When the wavefront emitted by a sound-source, such as our extinct tiger, reaches the head, it is obvious that unless that source lies in the plane bisecting the head at right-angles to the ear axis, it will reach one ear before it reaches the other. The further away from the median plane the sound-source, the greater the interaural delay, until it reaches a maximum of around 0.7 ms, the time taken for sound to traverse the ear-ear distance—when the source is to one side along the ear-ear axis (fig.1). For transient-type signals the brain probably acts directly on this time delay to derive the directional information, but for a continuous waveform with a frequency below approximately 700Hz, for which the ear-ear distance represents a half-wavelength, the brain interprets the time delay as a phase difference between the signals picked up by the two ears (fig.2) and correlates this phase difference with direction. For higher frequencies, however, it can be seen (fig.3) that there is more than one direction which will appear to give the same interaural phase difference, and thus the detection of direction by phase correlation becomes ambiguous.

581Stereofig01.jpg

581Stereofig02.jpg

581Stereofig03.jpg

Above this critical frequency, fortunately, another mechanism starts to take over: the head increasingly casts an acoustic "shadow" when its size becomes of the order of, or larger, than the wavelength of the sound. The presence of this shadow means that an amplitude difference is introduced between the sounds perceived by the ears, enabling the brain to deduce the sound-source direction from the ratio of the two amplitudes. The pinnae further modify this amplitude difference with frequency, giving a direction-dependent spectral change which "sharpens up" the mechanism.

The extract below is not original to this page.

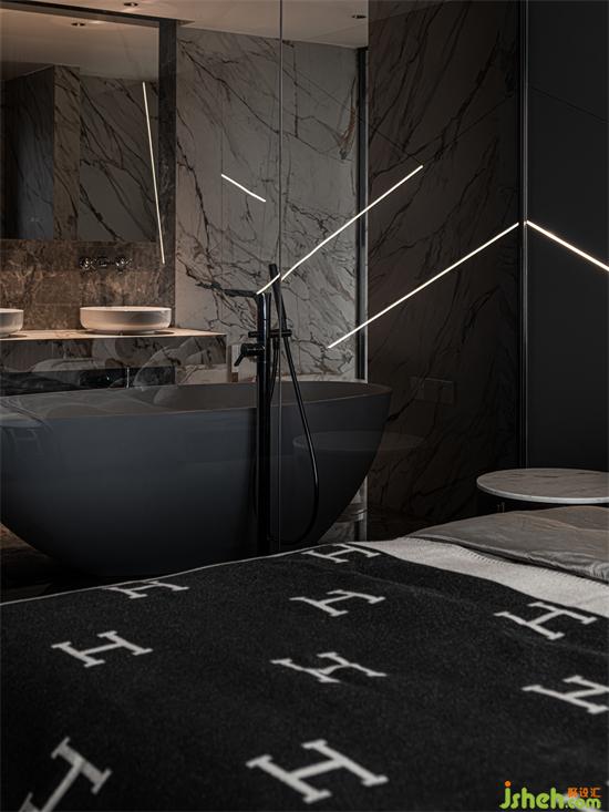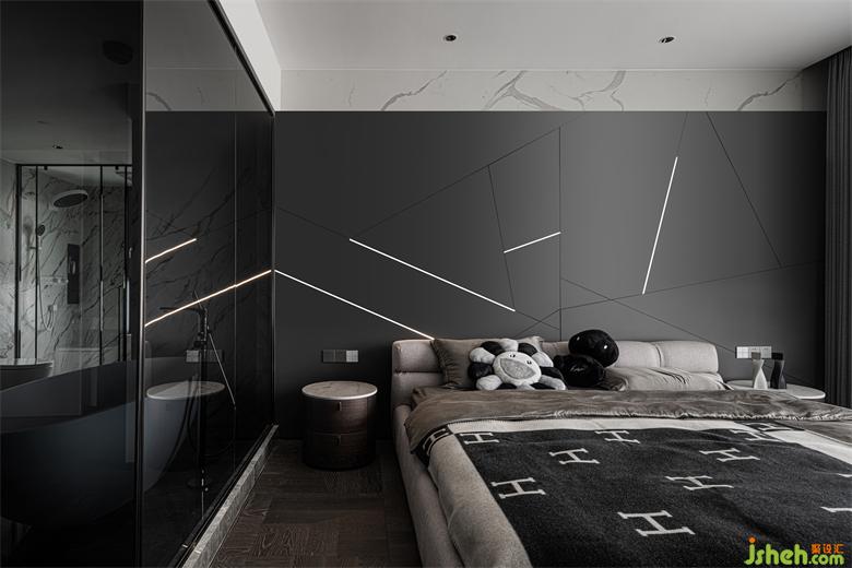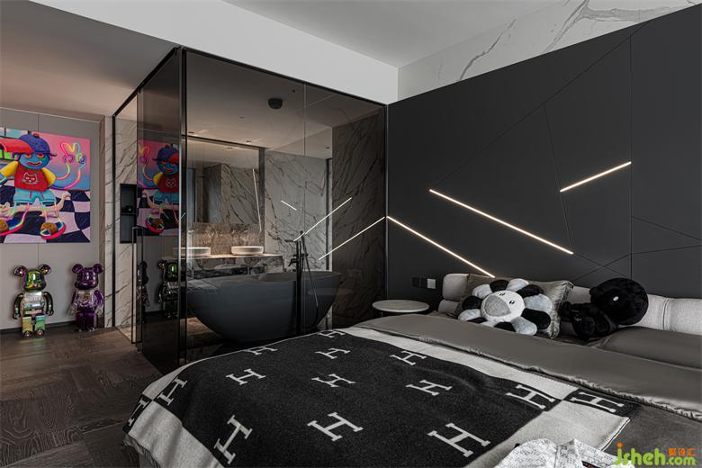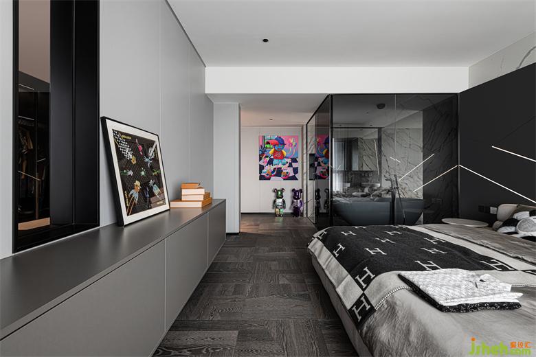 設(shè)計(jì)師在對(duì)原有空間進(jìn)行合理改造之后,得到了一個(gè)完整的主臥套房。家裝設(shè)計(jì)主臥以黑灰色為主色調(diào),突顯酷黑典雅的格調(diào),沉穩(wěn)靜謐,利于睡眠。裝飾別具個(gè)性的潮玩手辦與版畫,俏皮活潑,趣味性十足。

Obviously the amplitude and phase mechanisms will overlap over a range of frequencies dependent on head size, and reinforce each other until the frequency is such that the phase difference becomes totally ambiguous, apparently at around 1.2kHz for an average head. Above this frequency one has to rely on the amplitude mechanism alone for steady-state sounds, which has been shown to be less precise. However, if a transient occurs in an otherwise continuous high frequency waveform, then this is equivalent to dropping in an audio "marker" to give the brain some additional time delay information. The tiger treads on a stick and our caveman immediately has an unambiguous clue as to the tiger's direction, and lives to pass on the relevant hearing mechanism to his descendants. Without the transients, the brain has to try somehow to reinforce the weak amplitude difference clues and in fact the head is in constant slight motion, its side-to-side scanning enabling the brain to superimpose information about the rate-of-change of amplitude differences upon those same differences.

When the sound-source lies exactly on the median plane—the vertical central plane between the ears—all the primary mechanisms mentioned cause the brain to come to the same conclusion, ie, that the sound-source is dead central. Whether it is above or below, in front or behind, is somewhat harder to resolve, and the brain has to interpret the spectral information from the pinnae and secondary clues such as reverberation to determine this aspect. The brain is relatively good at "in front or behind?" decisions (provided the source isn't exactly on the median plane), but apparently no good at "above or below?" This isn't particularly important, as one doesn't normally depend on hearing alone, the eyes being the main source of such information.

Amplitude Stereo
The genius of Alan Blumlein lay in his recognition that if the interaural phase differences are reproduced as amplitude differences between the signals fed to two loudspeakers, this alone is sufficient to define direction completely, provided the listener is equidistant from the two loudspeakers. If the listener is not equidistant the resulting additional time delay give conflicting information, with confusing and ambiguous results. John Crabbe covered the subject of off-centre stereo listening in great detail in his series of "Broadening the Stereo Seat" articles (HFN/RR, June/July/September 1979), and to avoid unnecessary complexity the use of the word "stereo" throughout this article will imply "central listener" exclusively.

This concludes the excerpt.